Ma gave me a startled look. “Now really, Wiley. You must be imagining it.”

“I suppose I'm imagining this horse!”

Pa gave the cottonwoods a tight-eyed gaze. “How do you know they're outlaws?”

“They told me, Pa. Shagnasty John and the Fool Killer. Every sheriff in the territories is looking for them. They're using the
Phoenix
for a hideout.”

Ma's fingers had crept to her spidery lace collar. “Is Grandpa there?”

“No, Ma.”

“There's no such man as the Fool Killer,” Pa said,

“There is now, Pa. Peevish and meaner'n a hornet. Both of 'em.”

“Wearing guns?”

“Shagnasty John is. The terror of the prairies, he said.”

“Never heard of him.” Pa stood calm as an owl at midnight. “It baffles me that he didn't pop some lead your way, Wiley. Especially since you rode off on one of their horses.”

“He could have been afraid of shooting the mare,” Ma said.

“Must have,” I said. And yet, I thought, he'd had a clear shot when I'd busted out of the pilothouse—and maybe again before I'd reached the stairway.

“Downright peculiar,” Pa remarked, more to himself than us.

“They're over in those trees,” I said, pointing. “Where you see the crows. Watching us for sure. Hadn't we better edge back in a hurry?”

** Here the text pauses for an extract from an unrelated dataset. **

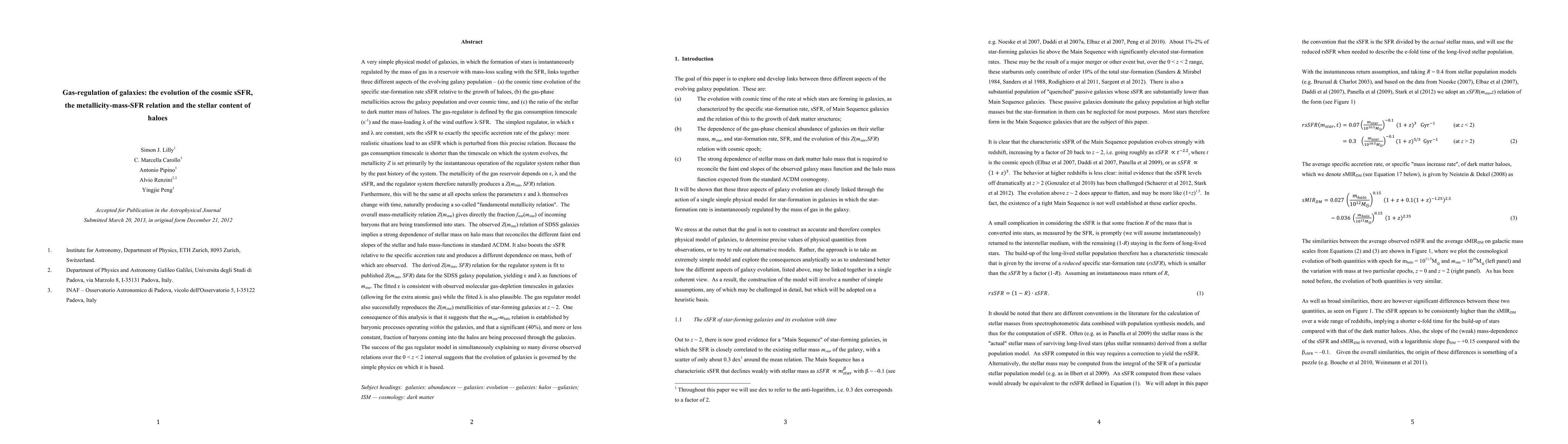 A very simple physical model of galaxies, in which the formation of stars is instantaneously regulated by the mass of gas in a reservoir, links together three different aspects of the evolving galaxy population:(a) the cosmic time evolution of the specific star-formation rate sSFR relative to the growth of haloes, (b) the gas-phase metallicities across the galaxy population and over cosmic time, and (c) the ratio of the stellar to dark matter mass of haloes. If the SFR efficiency and wind mass loading are constant, the sSFR is set to the specific accretion rate of the galaxy: more realistic situations lead to an sSFR which is perturbed from this identity. The metallicity is set by the instantaneous operation of the regulator system rather than by the past history of the system. The regulator system naturally produces a Z(mstar, SFR) relation, with SFR as a second parameter in the mass-metallicity relation. This will be the same at all epochs unless the efficiency and mass-loading change with time, naturally producing a so-called "fundamental metallicity relation". The observed Z(mstar) relation of SDSS galaxies implies a strong dependence of stellar mass on halo mass that reconciles the different faint end slopes of the stellar and halo mass-functions in standard {\Lambda}CDM. It also boosts the sSFR relative to the specific accretion rate and produces a different dependence on mass, both of which are observed. The derived Z(mstar, SFR) relation for the regulator system is fit to published Z(mstar, SFR) data. The fitted efficiency is consistent with observed molecular gas-depletion timescales in galaxies while the fitted mass-loading is also plausible. The model also successfully reproduces the mass-metallicity relation of star-forming galaxies at z ~ 2.

“Wiley, there's no place for us to run where they can't find us out here,” Pa answered. “It seems to me they'd already be in full view and shooting up a hailstorm—if they could. It's unnatural. Unless their cartridge belts are empty. Did you notice?”

No, sir.

But the Fool Killer would have armed himself with his bur-oak club, I thought. I glanced at Glorietta. I could see she was feeling scared about the Fool Killer and all the stories we'd heard.

Pa checked his pepperbox pistol. I peered under the horse's belly and spotted the crows. Shagnasty John and the Fool Killer were keeping themselves mouse-quiet.

“We've come this far and we're not turning back,” Pa declared. “Not until we find out what happened to your grandfather. He might have left papers aboard. A logbook, certainly. I have an idea I can send those rascals packing.” He handed Ma the short, six-barreled pistol. “Don't fire this bric-a-brac unless you've got no choice.”

“Rufus!” Ma exclaimed. “You're not going out there!”

“I promise you the terrors of the plains are going to be mighty glad to meet me.” Pa gave us a wink. “I want all of you to stay put until I settle matters. Shouldn't take five minutes.”

And he was gone. He went striding across the bare city limits of Sunrise, the knife-blade brim of his hat cocked at an angle.

8

THE GHOST

I watched Pa's lanky, high-headed figure and hoped I'd grow up to be as fearless as that. You'd think he was just going out for a stroll. Before long he disappeared into the cottonwoods.

We waited. I listened for the sudden crack of gunfire. Pa might have miscalculated Shagnasty John and the Fool Killer. A minute passed without a sound reaching us. There was just the crows flapping from one treetop to another.

“Well, don't worry about your pa,” said Ma. “There's more than one way to skin a cat, and he knows them all.”

Glorietta couldn't hold back a whisper. “What did the Fool Killer look like?”

“Never mind,” I said.

“Was he carrying a bur-oak club?”

“Glorietta, you know he's pure hogwash. Pa said so, didn't he?”

“But you
saw
him, Wiley. Did he have a horse-face? Could he eat out of a nose bag?”